**INSTRUCTIONS TO FOLLOW**
Once you reach the line with "Trade Partners Online" in the material below, copy each line exactly up to and including the line with "Here is our", and skip the pictures.

___ DATA TO EXAMINE ___

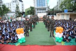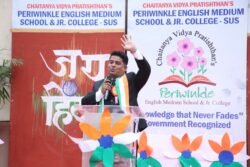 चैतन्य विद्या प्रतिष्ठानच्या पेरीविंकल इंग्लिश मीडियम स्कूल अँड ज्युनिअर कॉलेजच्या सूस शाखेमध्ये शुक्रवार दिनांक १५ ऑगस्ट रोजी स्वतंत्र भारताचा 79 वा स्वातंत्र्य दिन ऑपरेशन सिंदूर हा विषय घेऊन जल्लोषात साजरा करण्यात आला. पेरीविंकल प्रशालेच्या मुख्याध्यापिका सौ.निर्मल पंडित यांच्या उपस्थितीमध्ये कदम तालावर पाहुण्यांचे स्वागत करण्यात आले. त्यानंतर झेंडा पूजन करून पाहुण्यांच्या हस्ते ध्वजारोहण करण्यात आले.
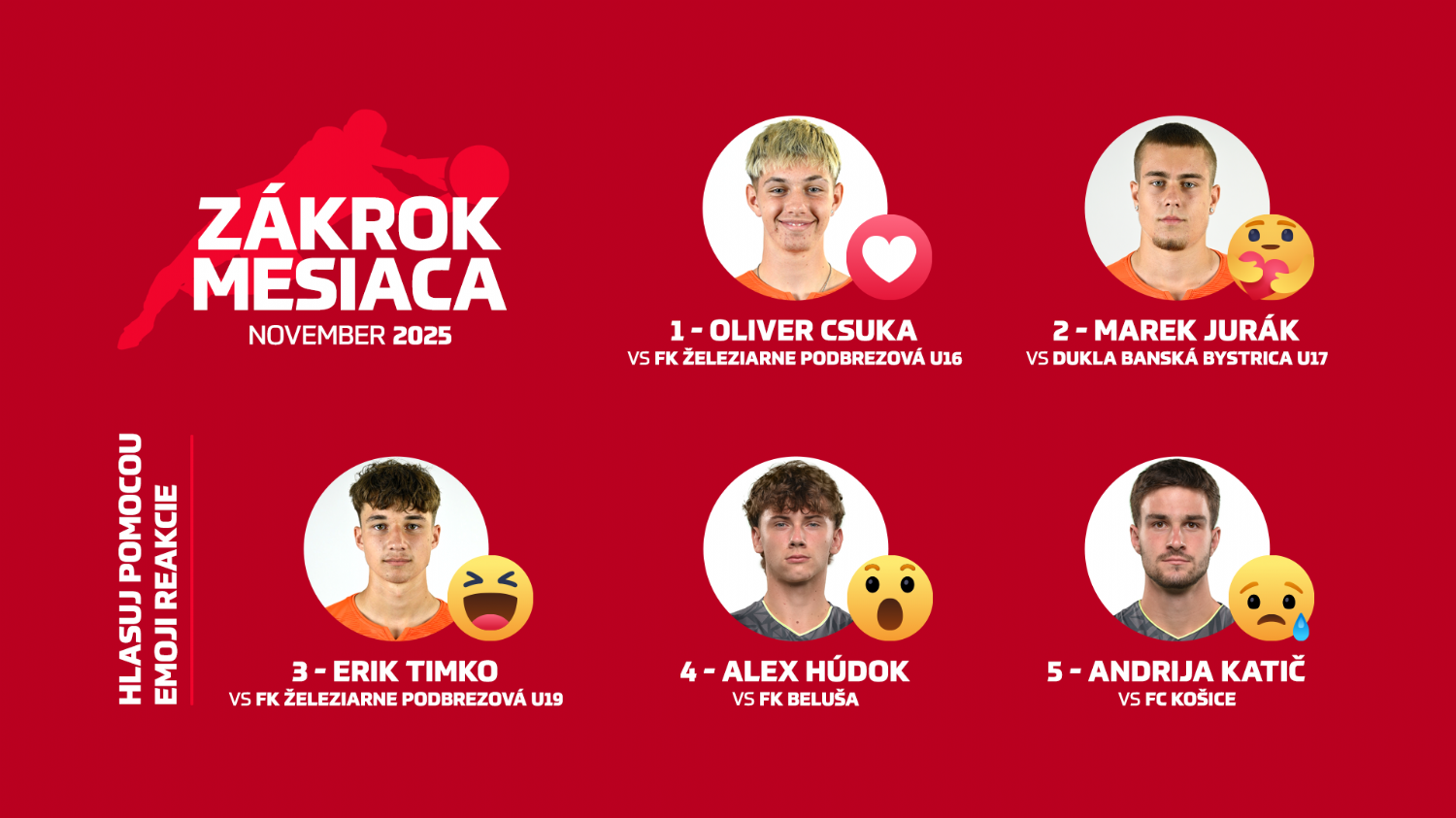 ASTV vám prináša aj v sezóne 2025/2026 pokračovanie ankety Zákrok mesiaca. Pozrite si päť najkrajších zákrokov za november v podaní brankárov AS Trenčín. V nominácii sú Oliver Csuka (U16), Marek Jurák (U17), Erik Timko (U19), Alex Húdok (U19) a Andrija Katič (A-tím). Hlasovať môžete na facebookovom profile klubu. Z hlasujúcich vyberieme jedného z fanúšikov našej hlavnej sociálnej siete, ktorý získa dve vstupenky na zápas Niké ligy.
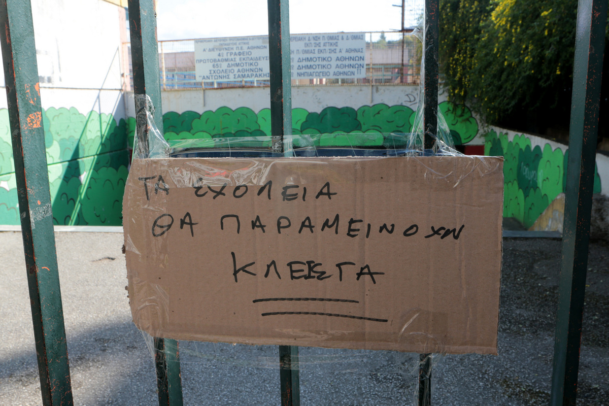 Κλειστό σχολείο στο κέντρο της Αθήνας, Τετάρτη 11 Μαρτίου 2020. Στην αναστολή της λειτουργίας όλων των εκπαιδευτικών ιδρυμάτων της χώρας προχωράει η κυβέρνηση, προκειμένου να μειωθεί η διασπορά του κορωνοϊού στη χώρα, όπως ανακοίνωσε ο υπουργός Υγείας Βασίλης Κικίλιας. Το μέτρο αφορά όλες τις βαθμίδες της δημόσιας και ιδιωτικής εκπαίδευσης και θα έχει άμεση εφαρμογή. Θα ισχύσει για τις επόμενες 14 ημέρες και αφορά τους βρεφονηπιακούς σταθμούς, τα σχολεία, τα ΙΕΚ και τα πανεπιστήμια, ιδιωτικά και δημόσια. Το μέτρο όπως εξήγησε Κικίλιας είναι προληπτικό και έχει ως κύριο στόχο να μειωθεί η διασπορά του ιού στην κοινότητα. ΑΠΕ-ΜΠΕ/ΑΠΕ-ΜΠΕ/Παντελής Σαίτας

___
___ DATA TO EXAMINE ___

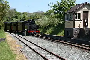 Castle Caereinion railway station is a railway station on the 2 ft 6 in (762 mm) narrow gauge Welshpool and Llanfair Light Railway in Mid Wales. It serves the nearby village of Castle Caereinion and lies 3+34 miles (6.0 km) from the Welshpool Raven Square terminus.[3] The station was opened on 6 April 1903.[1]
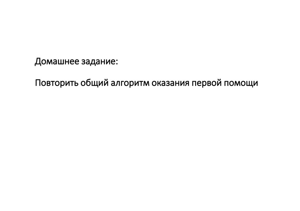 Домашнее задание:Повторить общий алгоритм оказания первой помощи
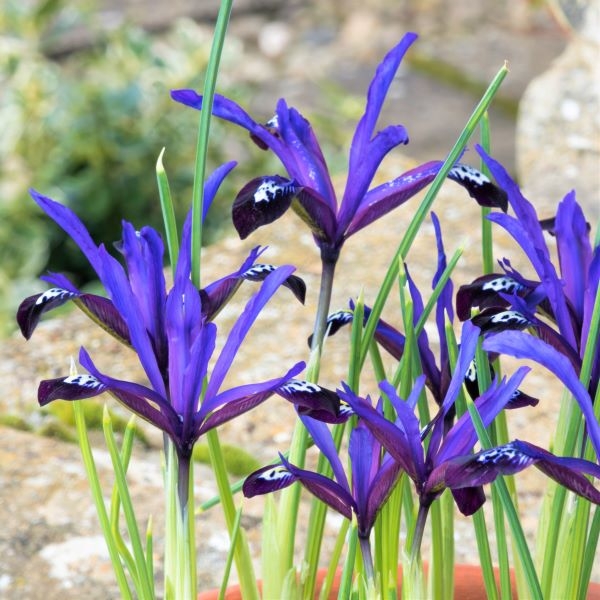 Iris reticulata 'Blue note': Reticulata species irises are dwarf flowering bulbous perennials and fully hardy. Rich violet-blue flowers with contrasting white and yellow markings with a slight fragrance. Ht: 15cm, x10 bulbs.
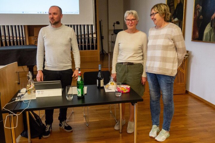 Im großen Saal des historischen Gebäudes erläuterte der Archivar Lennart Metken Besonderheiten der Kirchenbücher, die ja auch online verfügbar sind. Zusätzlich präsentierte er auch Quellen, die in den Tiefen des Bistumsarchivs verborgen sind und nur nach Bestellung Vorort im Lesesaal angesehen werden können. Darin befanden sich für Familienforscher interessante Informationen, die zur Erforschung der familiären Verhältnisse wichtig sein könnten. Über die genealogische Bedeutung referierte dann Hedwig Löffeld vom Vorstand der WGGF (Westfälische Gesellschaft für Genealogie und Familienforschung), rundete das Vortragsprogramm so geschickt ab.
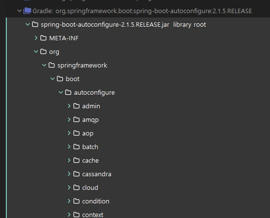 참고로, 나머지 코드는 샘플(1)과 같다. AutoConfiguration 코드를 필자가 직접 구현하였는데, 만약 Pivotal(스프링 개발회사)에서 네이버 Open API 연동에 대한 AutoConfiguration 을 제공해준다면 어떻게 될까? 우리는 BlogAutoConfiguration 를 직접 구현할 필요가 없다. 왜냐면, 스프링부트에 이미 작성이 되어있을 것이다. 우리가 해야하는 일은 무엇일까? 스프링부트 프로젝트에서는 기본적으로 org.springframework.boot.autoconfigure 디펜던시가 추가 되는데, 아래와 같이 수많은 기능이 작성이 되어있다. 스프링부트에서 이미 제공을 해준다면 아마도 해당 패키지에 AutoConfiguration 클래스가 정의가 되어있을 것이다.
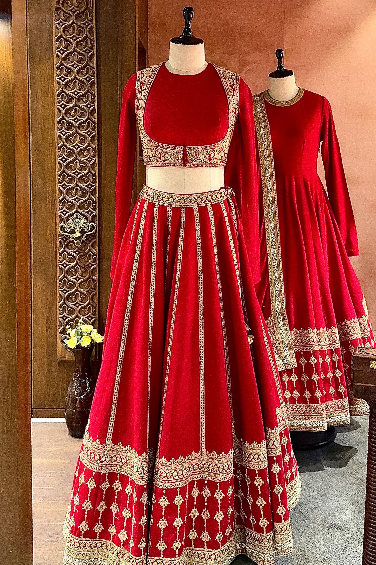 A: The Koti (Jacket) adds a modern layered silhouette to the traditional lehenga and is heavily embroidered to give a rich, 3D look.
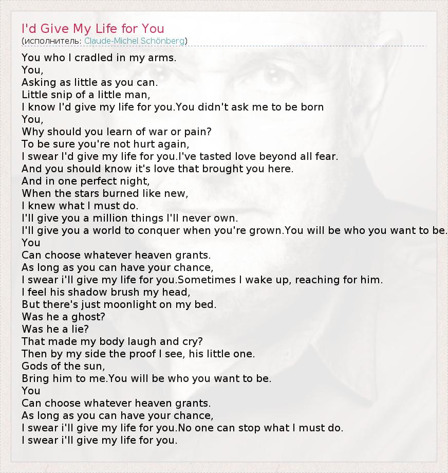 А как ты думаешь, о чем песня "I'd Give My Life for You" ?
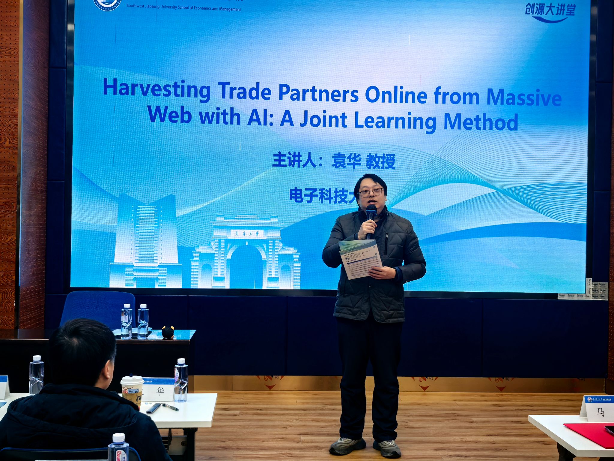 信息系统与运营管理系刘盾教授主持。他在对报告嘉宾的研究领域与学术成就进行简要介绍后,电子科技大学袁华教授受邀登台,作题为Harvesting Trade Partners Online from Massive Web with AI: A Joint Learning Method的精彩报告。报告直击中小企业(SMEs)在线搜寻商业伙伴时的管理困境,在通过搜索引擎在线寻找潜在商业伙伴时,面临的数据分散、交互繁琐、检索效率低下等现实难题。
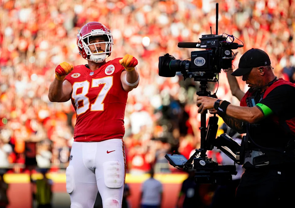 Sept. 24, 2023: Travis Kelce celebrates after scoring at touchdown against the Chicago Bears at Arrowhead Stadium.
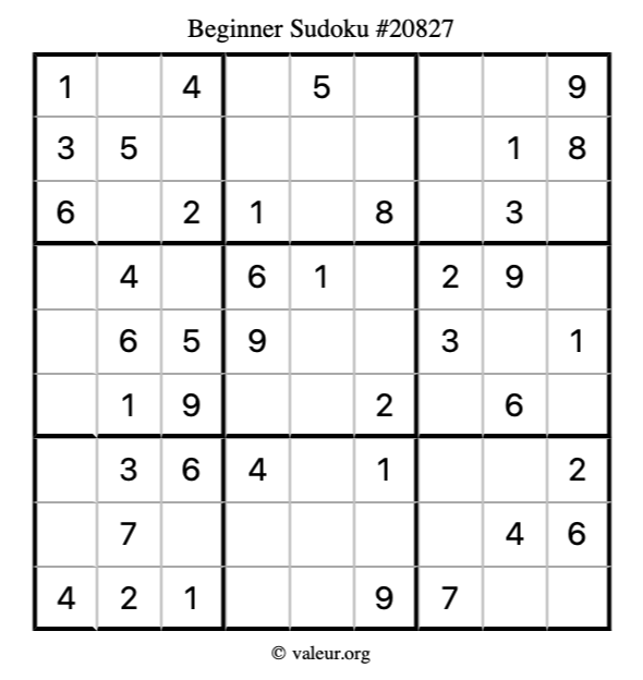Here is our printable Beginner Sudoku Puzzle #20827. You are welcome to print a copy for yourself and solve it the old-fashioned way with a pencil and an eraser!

___
___ DATA TO EXAMINE ___

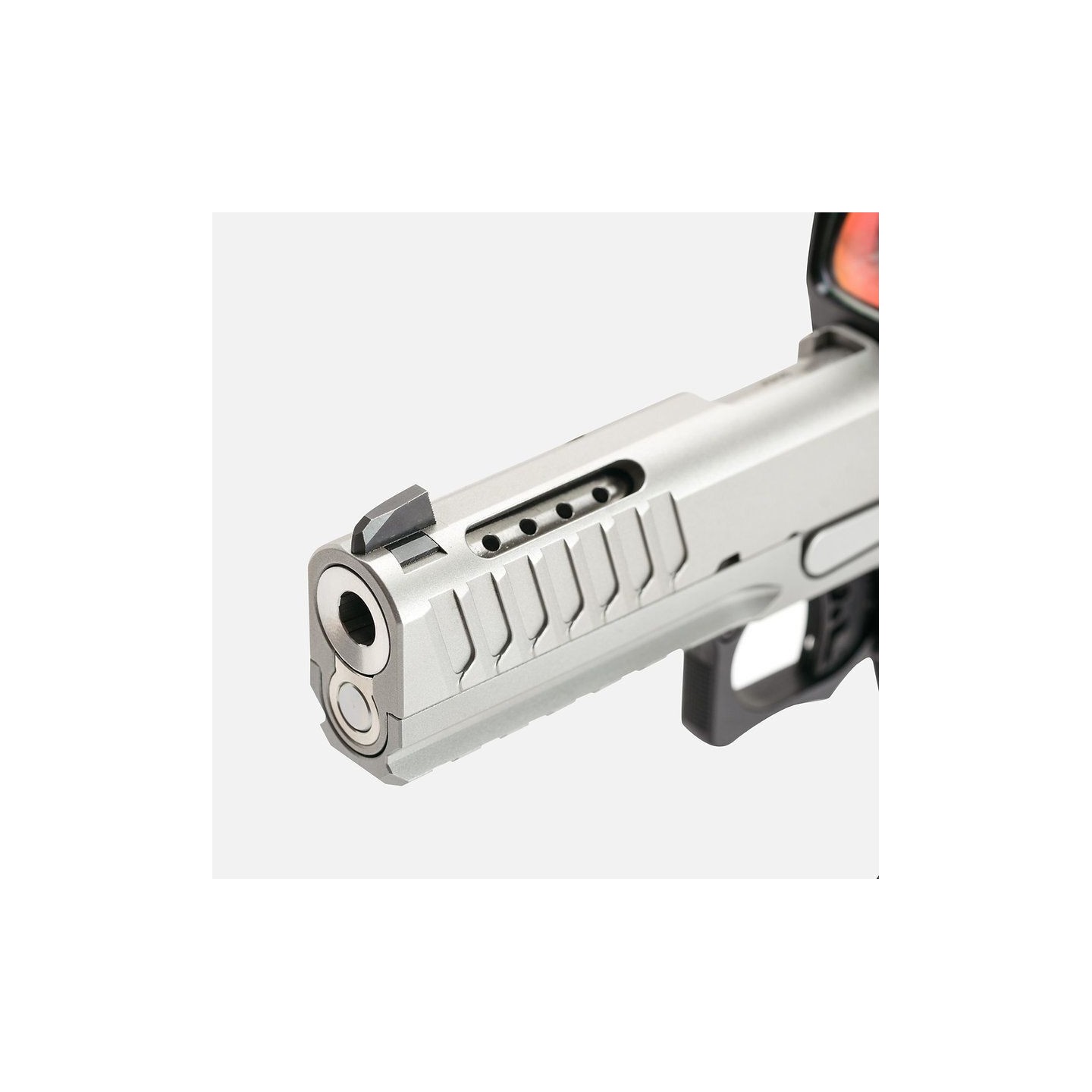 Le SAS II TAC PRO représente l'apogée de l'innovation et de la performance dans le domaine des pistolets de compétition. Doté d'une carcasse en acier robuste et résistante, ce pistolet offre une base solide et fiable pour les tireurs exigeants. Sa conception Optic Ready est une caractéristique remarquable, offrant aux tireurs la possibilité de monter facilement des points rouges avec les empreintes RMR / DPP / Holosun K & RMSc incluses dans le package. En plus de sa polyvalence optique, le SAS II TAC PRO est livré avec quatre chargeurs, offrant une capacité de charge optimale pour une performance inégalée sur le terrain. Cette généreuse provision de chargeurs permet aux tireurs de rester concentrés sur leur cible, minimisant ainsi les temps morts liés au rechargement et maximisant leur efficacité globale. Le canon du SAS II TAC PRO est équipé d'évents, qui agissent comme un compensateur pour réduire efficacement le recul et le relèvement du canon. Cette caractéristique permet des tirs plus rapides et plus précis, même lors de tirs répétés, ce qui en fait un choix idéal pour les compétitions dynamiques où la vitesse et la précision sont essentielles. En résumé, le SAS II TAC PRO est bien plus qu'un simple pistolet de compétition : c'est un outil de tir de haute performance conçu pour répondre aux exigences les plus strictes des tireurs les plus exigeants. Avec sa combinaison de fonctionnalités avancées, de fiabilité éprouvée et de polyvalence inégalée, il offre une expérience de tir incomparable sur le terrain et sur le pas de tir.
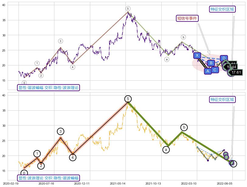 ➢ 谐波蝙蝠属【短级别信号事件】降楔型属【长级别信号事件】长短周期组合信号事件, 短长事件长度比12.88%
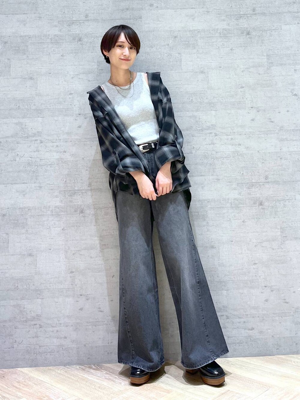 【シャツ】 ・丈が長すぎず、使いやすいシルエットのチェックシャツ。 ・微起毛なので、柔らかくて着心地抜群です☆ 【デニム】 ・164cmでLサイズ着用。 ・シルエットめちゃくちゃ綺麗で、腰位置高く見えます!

___

**EXERCISE OUTPUT**
 信息系统与运营管理系刘盾教授主持。他在对报告嘉宾的研究领域与学术成就进行简要介绍后,电子科技大学袁华教授受邀登台,作题为Harvesting Trade Partners Online from Massive Web with AI: A Joint Learning Method的精彩报告。报告直击中小企业(SMEs)在线搜寻商业伙伴时的管理困境,在通过搜索引擎在线寻找潜在商业伙伴时,面临的数据分散、交互繁琐、检索效率低下等现实难题。
 Sept. 24, 2023: Travis Kelce celebrates after scoring at touchdown against the Chicago Bears at Arrowhead Stadium.
Here is our printable Beginner Sudoku Puzzle #20827. You are welcome to print a copy for yourself and solve it the old-fashioned way with a pencil and an eraser!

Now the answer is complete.